The compound of the present invention is ground by a grinder,
It can be used more effectively by adjusting to a desired particle size distribution. As the type of crusher, an airflow collision type crusher such as a jet mill, a turbo mill, KTM, MV
A mechanical impact type crusher such as M is used. A good particle size distribution for the charge control agent of the present invention is 0.5 in terms of volume average particle size.
˜40 μm, more preferably 1-20 μm
Good to be. If the particles having a particle size larger than 40 μm are contained, it becomes difficult to disperse the charge control agent in the binder resin, and it becomes impossible to disperse the charge control agent in the toner. In addition, the content of the charge control agent per toner particle becomes uneven, which causes an increase in fog and scattering in the machine. On the other hand, when the particles having a particle size smaller than 0.5 μm are used, the dispersion in the binder resin is good,
The specific surface area of the charge control agent becomes large, and the toner is excessively charged, the charge amount increases, and the image density decreases.

The amount of the compound of the present invention used in the toner for developing an electrostatic image varies depending on the kind of the binder resin used,
Usually, 0.1 to 10 parts by weight, preferably 0.5 to 5 parts by weight, and more preferably 0.
8 to 3 parts by weight.

In the electrostatic image developing toner of the present invention, as the charge control agent, other charge control agents may be used in addition to the compound of the present invention for the purpose of finely adjusting the charge control of the toner. . As such a charge control agent, any known charge control agent which has been known to be capable of imparting a positive chargeability to a toner may be used, and among them, a nigrosine dye or Quaternary ammonium salts are preferred.
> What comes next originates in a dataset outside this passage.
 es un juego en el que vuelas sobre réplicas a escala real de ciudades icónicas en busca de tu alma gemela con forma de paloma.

As the constituent components of the toner for developing an electrostatic image of the present invention, a binder resin and a colorant, which are known materials constituting the toner, are used in addition to the charge control agent of the present invention. When a magnetic toner is obtained, a magnetic powder is further used. When a magnetic powder is used, the magnetic powder may be used as a coloring agent. Therefore, in the present invention, the colorant also includes magnetic powder. If necessary, a releasing agent, a lubricant, a fluidity improving agent, an abrasive, a conductivity-imparting agent, an image peeling preventing agent, etc. are internally or externally added to the electrostatic image developing toner.
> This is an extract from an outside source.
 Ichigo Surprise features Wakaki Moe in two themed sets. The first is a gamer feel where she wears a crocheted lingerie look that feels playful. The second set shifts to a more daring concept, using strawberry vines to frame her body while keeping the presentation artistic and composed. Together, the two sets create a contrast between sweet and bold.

Specific examples of the binder resin used in the toner of the present invention include styrene-based polymers such as polystyrene, poly-p-chlorostyrene, and homopolymers of substituted styrenes such as polyvinyltoluene. Styrene-p-chlorostyrene copolymer, styrene-propylene copolymer, styrene-vinyltoluene copolymer, styrene-vinylnaphthalene copolymer, styrene-acrylic copolymer, styrene-α-chloromethacrylic acid methyl ester Copolymer, styrene-vinyl methyl ether copolymer,
Styrene-vinyl ethyl ether copolymer, styrene-
Vinyl methyl ketone copolymer, styrene-butadiene copolymer, styrene-isoprene copolymer, styrene-acrylonitrile-indene copolymer, styrene-dimethylaminoethyl acrylate copolymer, styrene diethylaminoethyl acrylate copolymer, styrene- Styrene-based copolymers such as butyl acrylate-diethylaminoethyl methacrylate copolymer, cross-linked styrene-based copolymers, etc .; polyester resins such as aliphatic dicarboxylic acids, aromatic dicarboxylic acids, aromatic dialcohols, diphenols Polyester resin having a monomer selected from the structural units as a structural unit, cross-linked polyester resin, etc .; other polyvinyl chloride, phenol resin, modified phenol resin, malein resin, rosin modified maleic resin, polyvinyl acetate Silicone resins, polyurethane resins, polyamide resins, epoxy resins, polyvinyl butyral, rosin, modified rosin, terpene resin, xylene resin, aliphatic or aliphatic hydrocarbon resins, and petroleum resins.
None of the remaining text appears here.